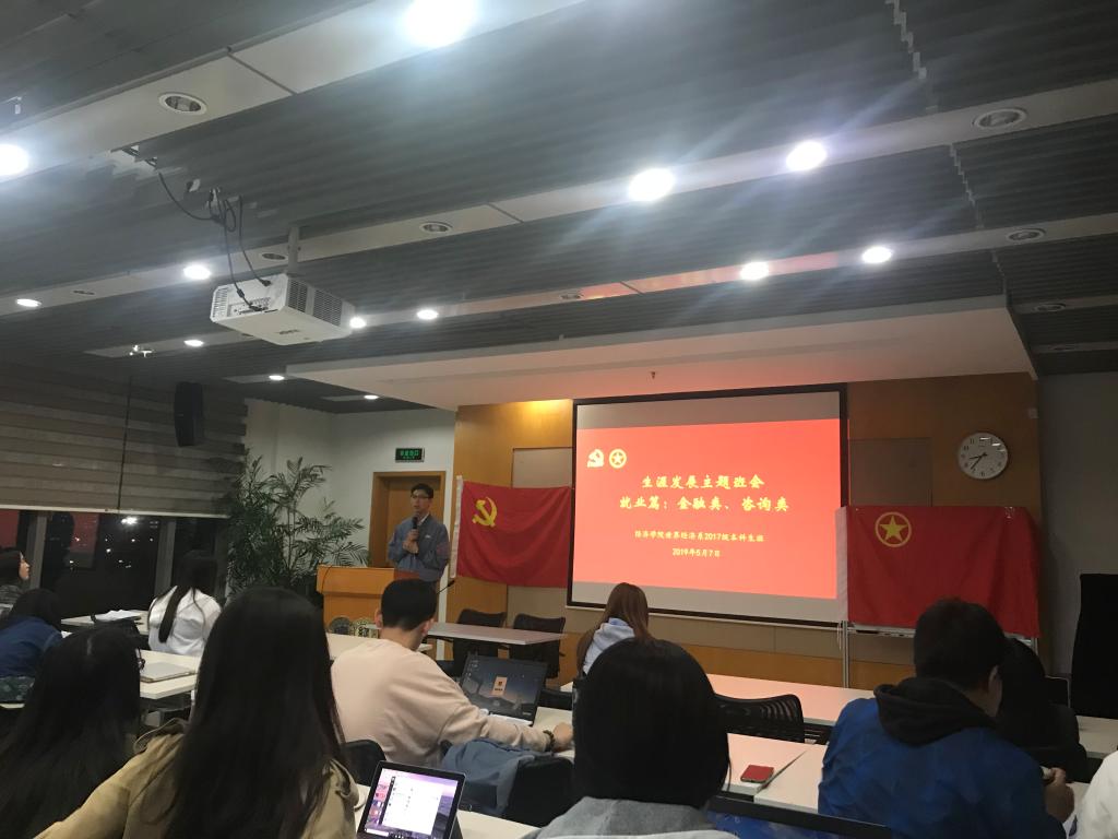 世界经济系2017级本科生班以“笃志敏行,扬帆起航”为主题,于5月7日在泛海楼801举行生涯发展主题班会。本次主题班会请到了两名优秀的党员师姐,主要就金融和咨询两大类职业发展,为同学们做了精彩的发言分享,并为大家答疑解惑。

:::

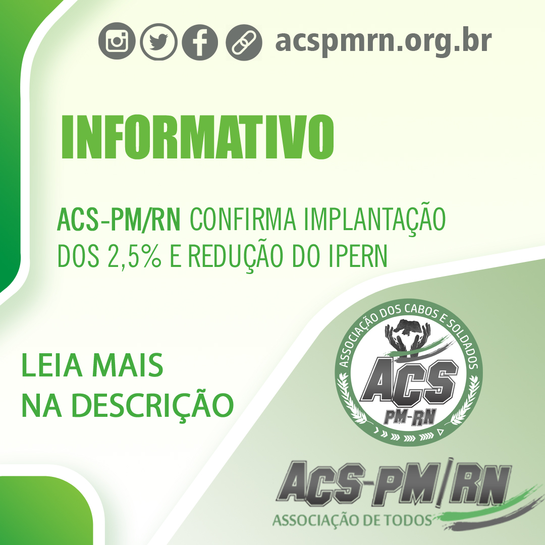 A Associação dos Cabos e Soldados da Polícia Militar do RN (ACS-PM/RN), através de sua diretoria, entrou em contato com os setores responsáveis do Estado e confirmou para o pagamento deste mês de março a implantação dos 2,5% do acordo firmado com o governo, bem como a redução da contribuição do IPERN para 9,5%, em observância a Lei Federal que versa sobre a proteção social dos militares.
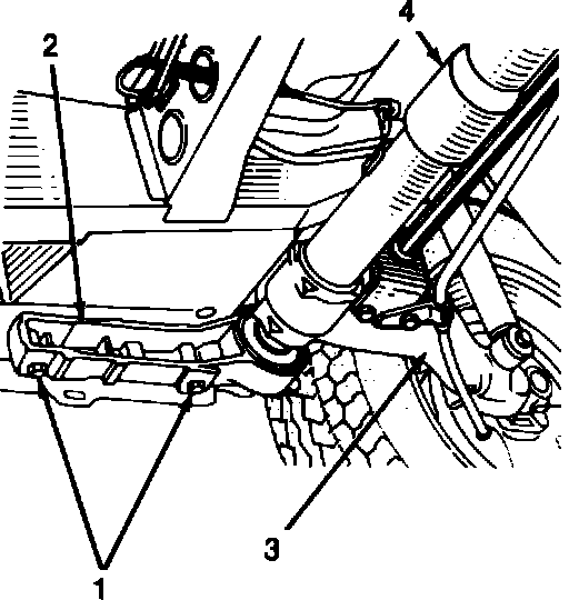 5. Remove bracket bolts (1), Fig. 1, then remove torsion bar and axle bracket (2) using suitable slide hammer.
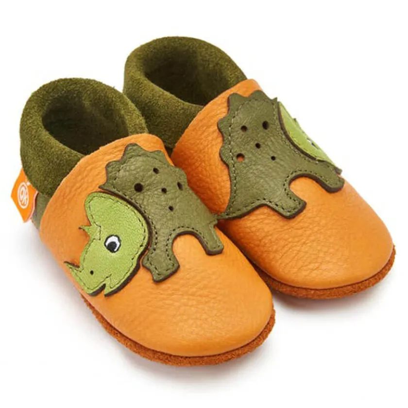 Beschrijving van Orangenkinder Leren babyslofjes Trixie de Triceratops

:::

EXERCISE: Output only the stretch above from the line with "A Associação dos" through the line with "Beschrijving van Orangenkinder", reproduced exactly. Exclude pictures.

ANSWER FOR THE TASK:
 A Associação dos Cabos e Soldados da Polícia Militar do RN (ACS-PM/RN), através de sua diretoria, entrou em contato com os setores responsáveis do Estado e confirmou para o pagamento deste mês de março a implantação dos 2,5% do acordo firmado com o governo, bem como a redução da contribuição do IPERN para 9,5%, em observância a Lei Federal que versa sobre a proteção social dos militares.
 5. Remove bracket bolts (1), Fig. 1, then remove torsion bar and axle bracket (2) using suitable slide hammer.
 Beschrijving van Orangenkinder Leren babyslofjes Trixie de Triceratops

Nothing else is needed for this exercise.